The liberals who keep claiming to save us do not, and they will not because that's not in their best interest. And this is also why these people, who think we need a charter of social rights when we actually don't, are pretending it will save us and that they can save us. They are part of the problem. They have helped enable it.

These patterns play out everywhere time and time again, and they hope we constantly forget.

A key intellectual link in this narrative is the concept of ‘social investment’ developed in recent years by the welfare-state expert Anton Hemerijck and colleagues. What the market fundamentalists dismissed as the welfare ‘burden’ on the taxpayer, fostering ‘dependency’, has been re-presented as a win-win formula for social inclusion, gender equality and fiscal stability—for instance through providing universal childcare, with its enduring benefits for women’s career development and the prospective life-chances of the child.

Let's stop and think about this for a moment. Market fundamentalists do indeed talk of these programs like this, but can we actually consider why it is that “universal childcare” is a right that needs to be given? Why do we make parents work while they have young children? Why don't we have multi-generational spaces for adults and children to be together?

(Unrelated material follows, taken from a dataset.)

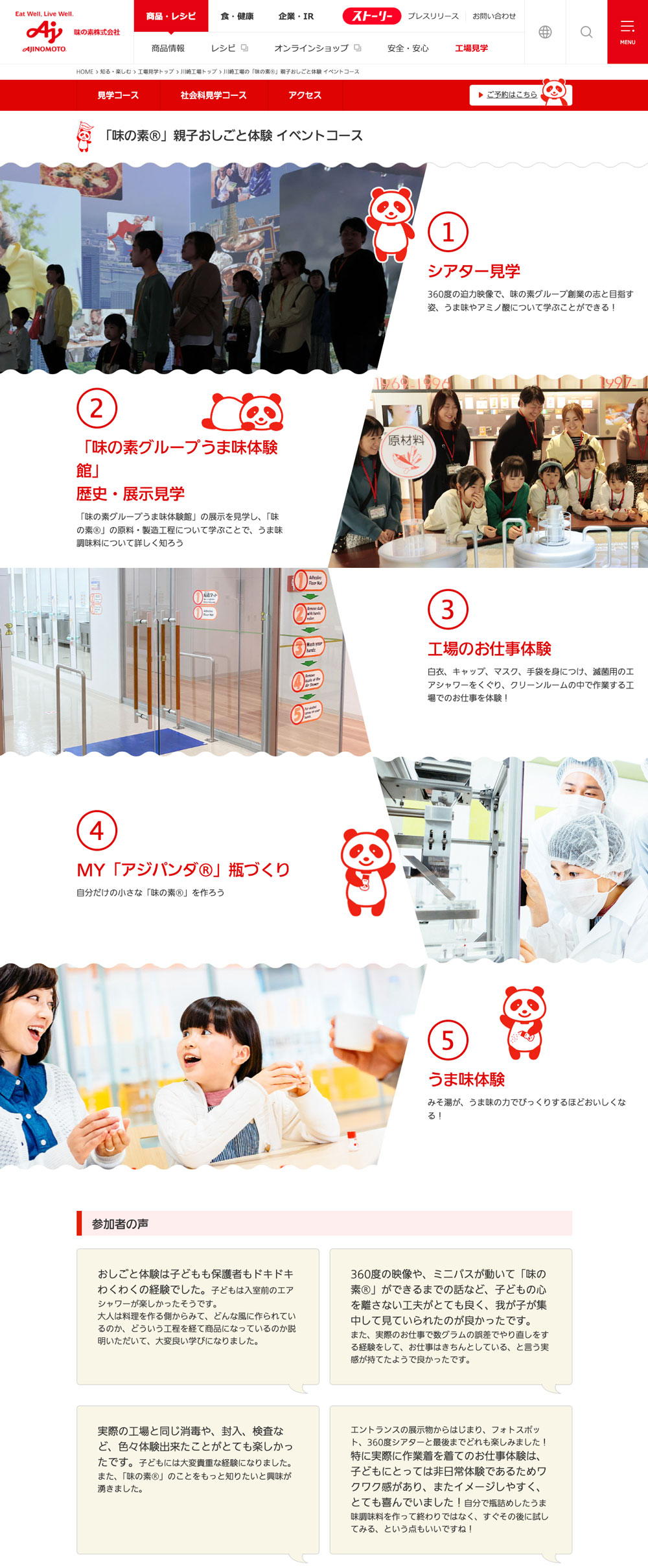 川崎工場:うま味の歴史を学ぶことや試飲体験、包装工程の見学が可能

Why don't we foster actual communal care? We wouldn't need “universal childcare” (which, by the way, starts aiming towards pushing younger and younger kids into school—something that is actually quite traumatising for many, does not safe to many of them, and does provide further propagandistic support and further indoctrination of people) if we actually made our communities healthier in this way. If we created genuine learning spaces for all people to share, we wouldn't need to rely upon the state to do this for us.

Dependency is actually correct, but the market fundamentalists talk about it as leeching off the state. That's disgusting. But building dependency on the state is still bad because it builds reliance on something that is fundamentally against you. It creates and is indicative of an abusive relationship, one where the things you need can be snatched from you without your consent.

How will social rights guard against that? (Note: “Social rights” hasn't really even been defined here. It's just a catchphrase with no meat.)

This is all rubbish, and I don't know why an anarchist pushed it on my timeline as if it was a good idea in any capacity.